Siriyasatien Padet, Chusri Sarunyou, Kraivichian Kanyarat, Jariyapan Narissara, Hortiwakul Thanaporn, Silpapojakul Khachornsakdi, Pym Adam M, Phumee Atchara
Department of Parasitology, Faculty of Medicine, Chulalongkorn University, Bangkok, 10330, Thailand.
Excellence Center for Emerging Infectious Disease, King Chulalongkorn Memorial Hospital, Thai Red Cross Society, Bangkok, 10330, Thailand.
BMC Infect Dis. 2016 Feb 24;16:89. doi: 10.1186/s12879-016-1433-2.
Leishmaniasis caused by two new species of Leishmania; L. siamensis and L. martiniquensis have been recently described in Thailand.

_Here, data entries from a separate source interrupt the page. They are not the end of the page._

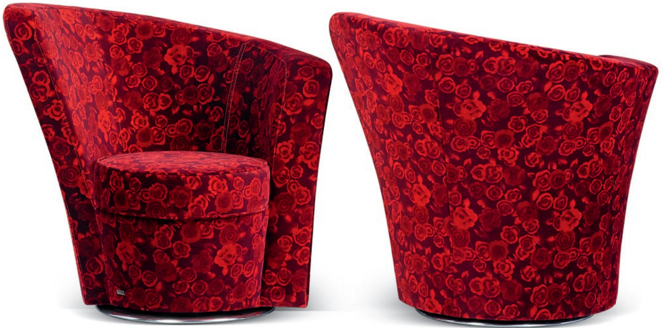
A 144 LI / RE EVE'S ISLAND ▶ 89 CM ▶ 177 CM ▶ 90 CM STOFF · TISSU · FABRIC 64 4115
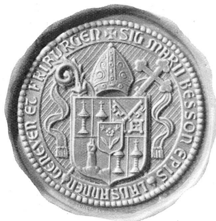
Fig. 76. Sceau de Mgr. Besson dès 1924.

ecclesiarum , ou par les Constitutions synodales du diocèse. Là où le code de droit canonique, ni les nouvelles constitutions ne les contredisent, les constitutions antérieures du Chapitre de St-Nicolas restent en vigueur.
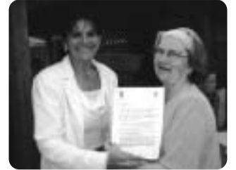
Az örök barátság jegyében.

Erdélyországba indulni minden utazónak felér a csodavárás bizsergő izgalmával. Ilyen érzések kerfették hatalmukba a múlt héten Gyergyószentmiklóstra induló 20 tagú kecskeméti delegáció tagjait, akik viszontlátogatásra indultak a kék hegyek birodalmába. Az elmúlt évi Csiperó fesztiválon ők fogadták a gyergyói gyerekeket, és nagy izgalommal várták az ismételt találkozást.
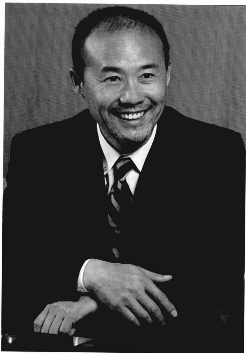
王石 万科 集团董事长
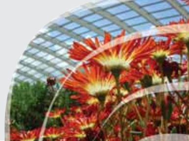
Ffigwr 9: Newidiadau yng Nghynllun Busnes yr Ardd yn tueddu i ragweld cynnydd yn nifer ymwelwyr, mewn incwm ac mewn gwariant
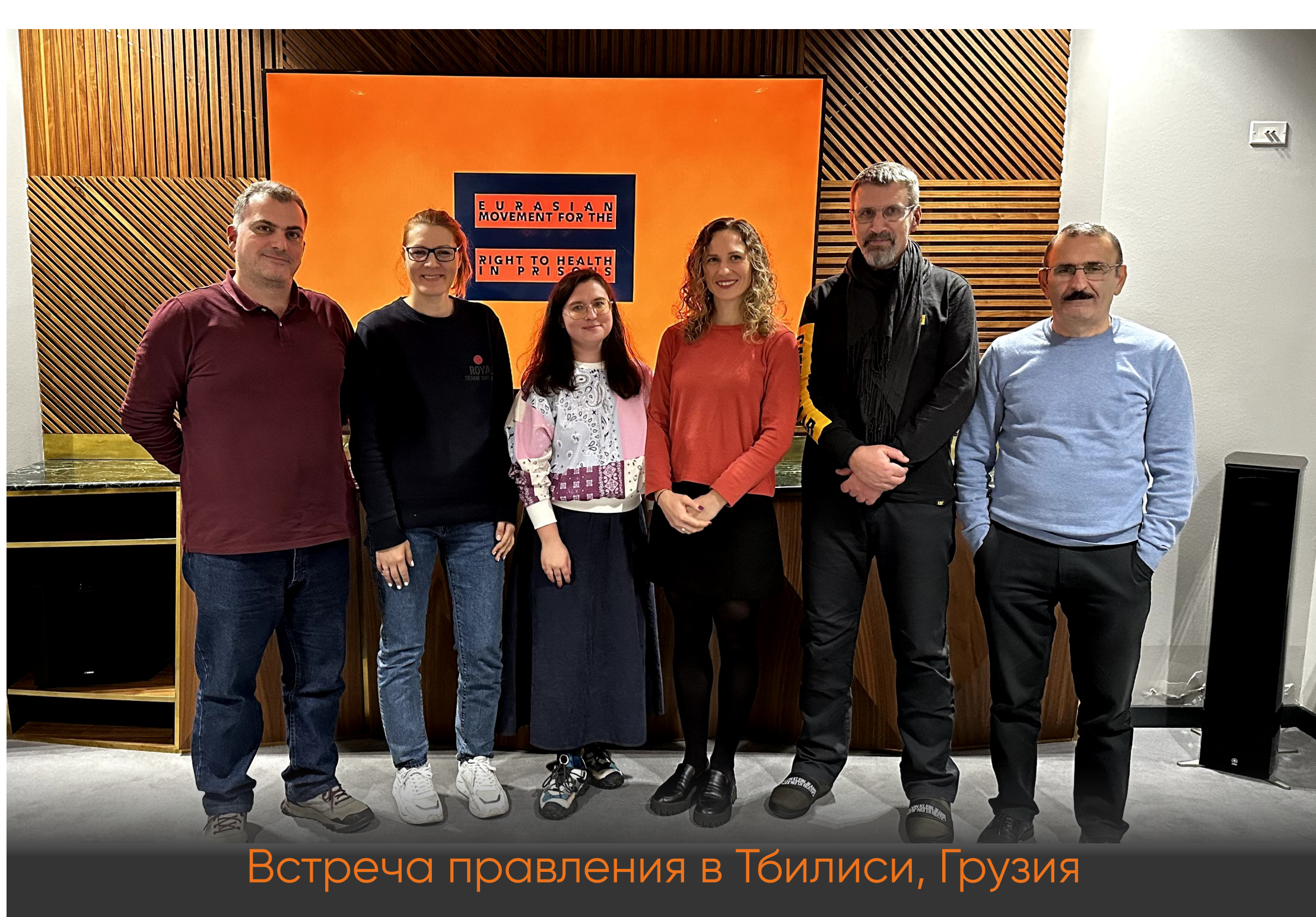
Встреча правления в Тбилиси, Грузия
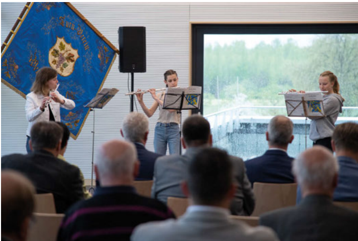
Querflöten-Ensemble JMS Unterer Kraichgau
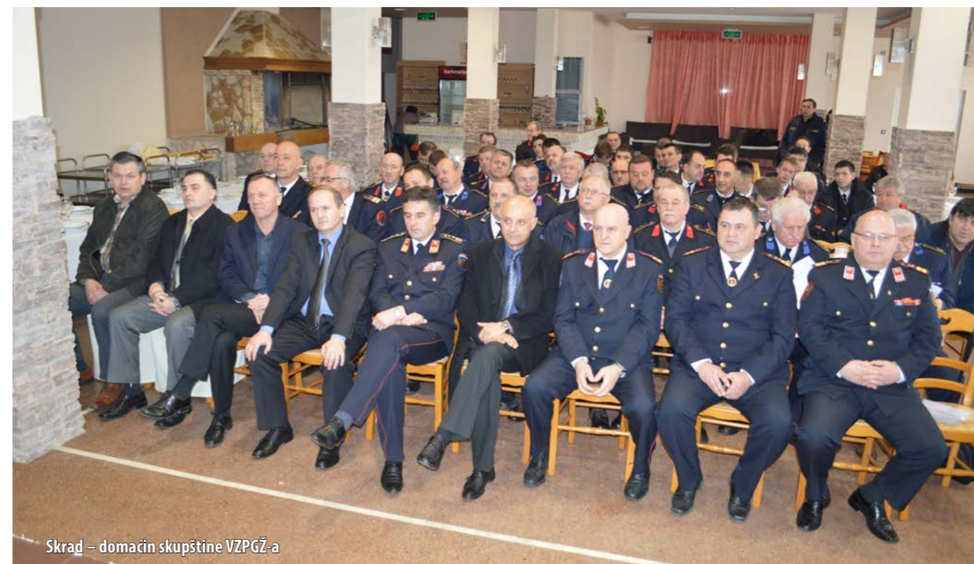
Skrad – domaćin skupštine VZPGŽ-a

Mance je podsjetio i na veliku pozornost koja se pridaje osposobljavanju vatrogasnoga kadra.
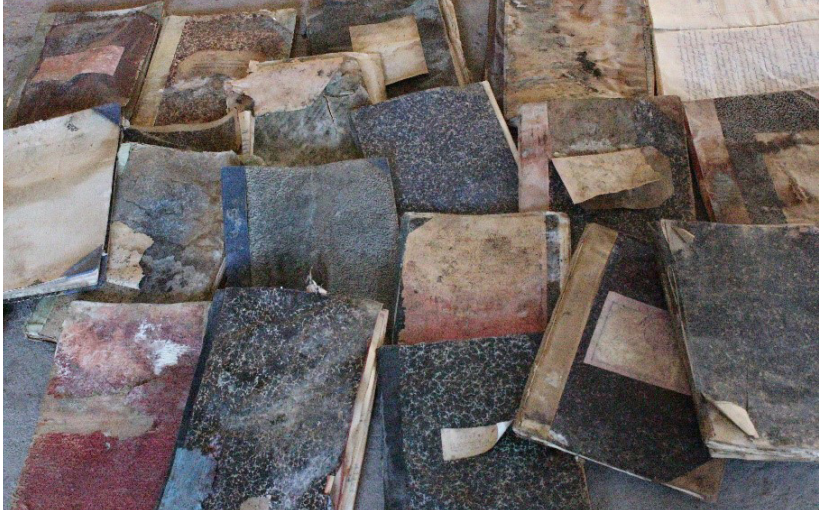
Antes del proceso
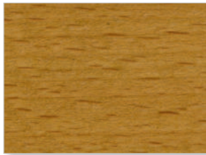
2212 Nussbaum hell
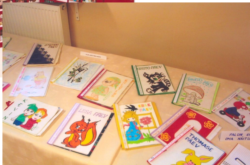
Näitus „10 aastat Lapse Päevi Puhja Lasteaias“
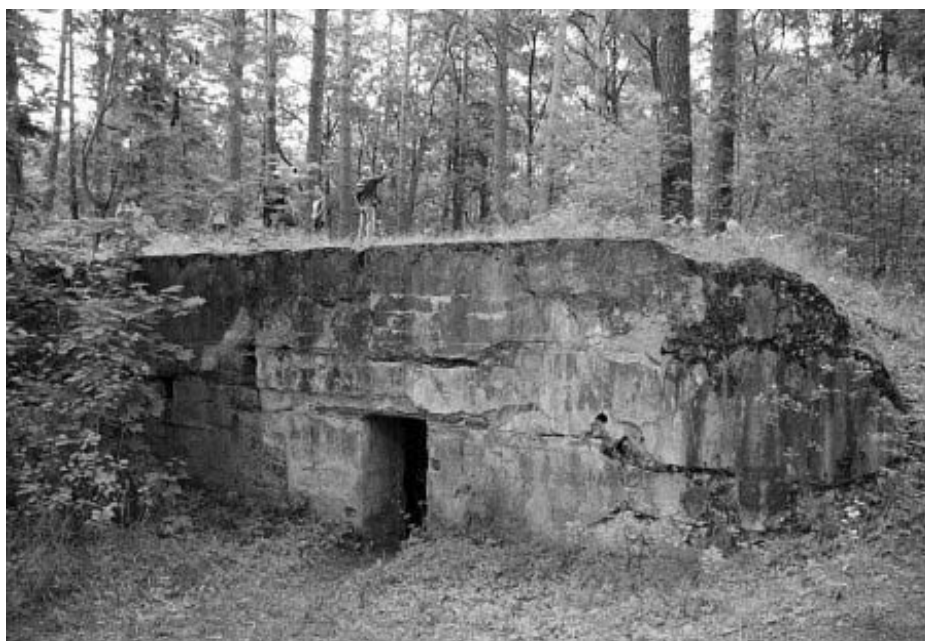
Рисунок 1.37 – Поречье, оборонительные сооружения I мировой войны

Фото: Андрей Дыбовский, май 2005 г. http://globus.tut.by/poreche_pi/

The disease has mainly been documented in AIDS patients from southern Thailand. In this study, polymerase chain reaction (PCR) was used to determine HIV-Leishmania co-infection in southern Thailand.
One ml of saliva and 3 ml of EDTA blood were collected from HIV-infected patients for PCR detection of Leishmania DNA, cloning and sequencing. The positive PCR samples were then cultured on Schneider's insect medium.

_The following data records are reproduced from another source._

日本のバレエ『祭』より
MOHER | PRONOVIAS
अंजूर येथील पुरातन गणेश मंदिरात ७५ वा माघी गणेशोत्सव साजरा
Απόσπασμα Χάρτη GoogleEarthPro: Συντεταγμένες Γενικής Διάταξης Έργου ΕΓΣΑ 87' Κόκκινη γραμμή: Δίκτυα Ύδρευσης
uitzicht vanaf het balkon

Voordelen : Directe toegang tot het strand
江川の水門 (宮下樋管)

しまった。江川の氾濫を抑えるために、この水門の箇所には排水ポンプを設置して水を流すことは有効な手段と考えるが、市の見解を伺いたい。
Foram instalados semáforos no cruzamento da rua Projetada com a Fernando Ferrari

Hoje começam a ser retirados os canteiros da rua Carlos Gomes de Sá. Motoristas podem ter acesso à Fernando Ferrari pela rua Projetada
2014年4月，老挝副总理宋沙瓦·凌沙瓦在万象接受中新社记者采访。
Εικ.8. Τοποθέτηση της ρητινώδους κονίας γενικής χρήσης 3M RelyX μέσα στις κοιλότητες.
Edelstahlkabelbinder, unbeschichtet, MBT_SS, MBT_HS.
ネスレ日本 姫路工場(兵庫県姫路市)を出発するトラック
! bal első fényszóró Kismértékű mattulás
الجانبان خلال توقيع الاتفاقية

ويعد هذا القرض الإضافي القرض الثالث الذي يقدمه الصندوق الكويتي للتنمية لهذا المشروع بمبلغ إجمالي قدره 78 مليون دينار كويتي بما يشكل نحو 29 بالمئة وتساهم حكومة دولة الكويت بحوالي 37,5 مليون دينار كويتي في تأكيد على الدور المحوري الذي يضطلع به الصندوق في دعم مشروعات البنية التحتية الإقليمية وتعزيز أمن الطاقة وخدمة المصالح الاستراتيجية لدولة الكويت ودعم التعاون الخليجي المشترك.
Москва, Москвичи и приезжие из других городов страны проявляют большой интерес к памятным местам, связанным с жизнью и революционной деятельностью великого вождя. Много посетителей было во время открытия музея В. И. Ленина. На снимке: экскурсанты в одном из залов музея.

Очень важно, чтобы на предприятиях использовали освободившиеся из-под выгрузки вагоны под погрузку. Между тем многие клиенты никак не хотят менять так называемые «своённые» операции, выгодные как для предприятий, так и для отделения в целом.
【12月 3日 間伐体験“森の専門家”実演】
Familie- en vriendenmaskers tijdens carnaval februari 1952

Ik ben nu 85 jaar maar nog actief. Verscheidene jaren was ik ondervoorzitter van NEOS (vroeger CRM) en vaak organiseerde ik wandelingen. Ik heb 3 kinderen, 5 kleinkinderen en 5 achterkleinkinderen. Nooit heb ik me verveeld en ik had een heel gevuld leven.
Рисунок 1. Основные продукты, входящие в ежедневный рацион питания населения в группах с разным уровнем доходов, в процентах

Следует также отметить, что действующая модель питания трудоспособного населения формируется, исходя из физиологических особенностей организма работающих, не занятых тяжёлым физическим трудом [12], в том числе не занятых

Three out of 316 saliva samples collected from HIV-infected patients were found to be positive for Leishmania DNA (0.95%). Among the positive samples, one patient was observed with disseminated cutaneous lesions and also tested positive via saliva, whole blood and buffy coat in PCR. The second case presenting with nodular lesions also gave a positive saliva test via PCR two months prior to buffy coat. This diagnosis was confirmed by microscopic examination and a culture of biopsy samples from a nodule. The last case was an asymptomatic Leishmania infection which tested PCR positive only in saliva with a consecutive sample collection conducted for three months.

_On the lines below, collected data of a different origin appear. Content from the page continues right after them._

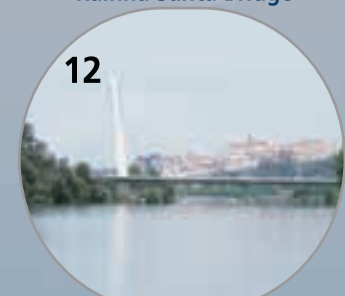
Ponte Rainha Santa
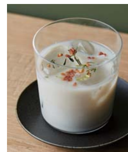
Virgin Green Tea Sangría
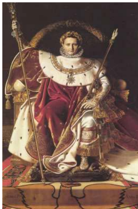
圖 1 〈皇帝寶座上的拿破崙一世〉 1806

安格爾熱愛大自然，非常崇仰文藝復興三傑之一的拉斐爾。但他也知道，如果只是臨摹、學習拉斐爾，自己就很難走出獨特的風格。所以，他從古典的風格中找到一種單純簡約的表現方式，巧妙的將這種純淨的造型美融入於自然，使得他的畫既有古代的典雅，又有符合那時代的新美學觀。
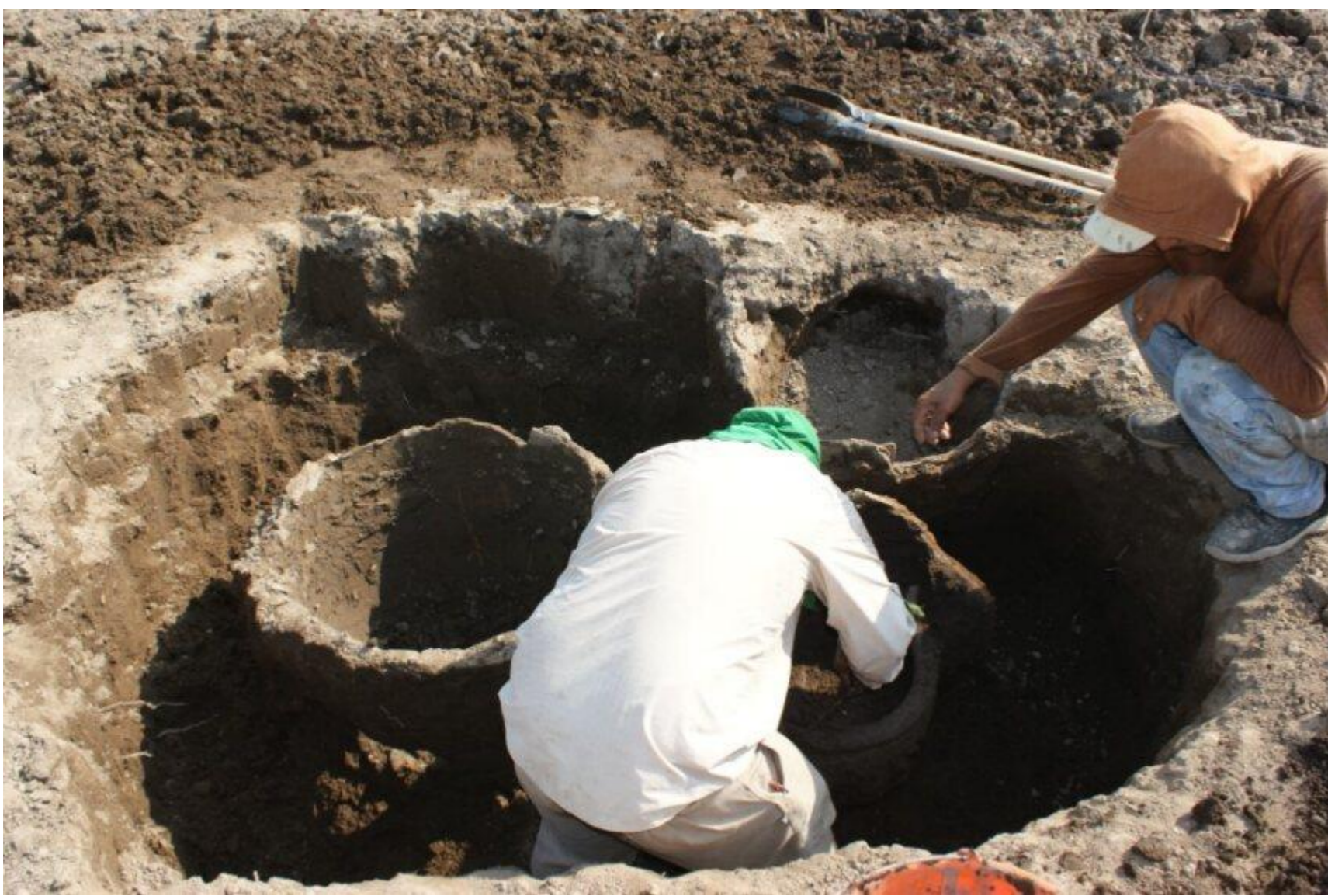
Título: Rescate del hallazgo en la Cooperativa San Enrique, Bermejo de Abajo. Autor: Guilherme Mongelo

2.- Análisis tecno-tipológico del material cerámico huaqueado, para la identificación de su afiliación cultural, realizando un aporte histórico a la construcción del pasado prehispánico del Guayas.

The prevalence of Leishmania infection in HIV infected patients within this study is 0.95%. Leishmania DNA was detected in saliva by PCR prior to blood and buffy coat of two HIV infected patients. Early detection of Leishmania DNA in saliva would be beneficial for the follow up of asymptomatic Leishmania infected patients, the early treatment of leishmaniasis and for surveillance survey purpose. However, full evaluation of sensitivity and specificity of this technique with a large cohort of patients is required before deployment.
最近在泰国发现由两种新型利什曼原虫,即暹罗利什曼原虫和马提尼克利什曼原虫引起的利什曼病。该疾病主要在泰国南部的艾滋病患者中被记录。在本研究中,采用聚合酶链反应(PCR)来确定泰国南部艾滋病毒与利什曼原虫的合并感染情况。
从感染艾滋病毒的患者中采集1毫升唾液和3毫升乙二胺四乙酸(EDTA)抗凝血,用于PCR检测利什曼原虫DNA、克隆及测序。然后将PCR阳性样本接种于施奈德昆虫培养基上培养。
从感染艾滋病毒的患者中采集的316份唾液样本中,有3份利什曼原虫DNA检测呈阳性(0.95%)。在阳性样本中,一名患者出现播散性皮肤病变,其唾液、全血和血沉棕黄层的PCR检测均呈阳性。第二例表现为结节性病变的患者,在血沉棕黄层检测阳性前两个月,唾液PCR检测就呈阳性。通过显微镜检查和对结节活检样本进行培养,确诊了该病例。最后一例是无症状利什曼原虫感染,仅唾液PCR检测呈阳性,连续三个月采集样本均为此结果。
本研究中感染艾滋病毒患者的利什曼原虫感染率为0.95%。两名感染艾滋病毒的患者在血液和血沉棕黄层检测之前,通过PCR在唾液中检测到了利什曼原虫DNA。唾液中利什曼原虫DNA的早期检测,将有利于无症状利什曼原虫感染患者的随访、利什曼病的早期治疗以及监测调查。然而,在推广应用之前,需要对大量患者进行该技术的敏感性和特异性的全面评估。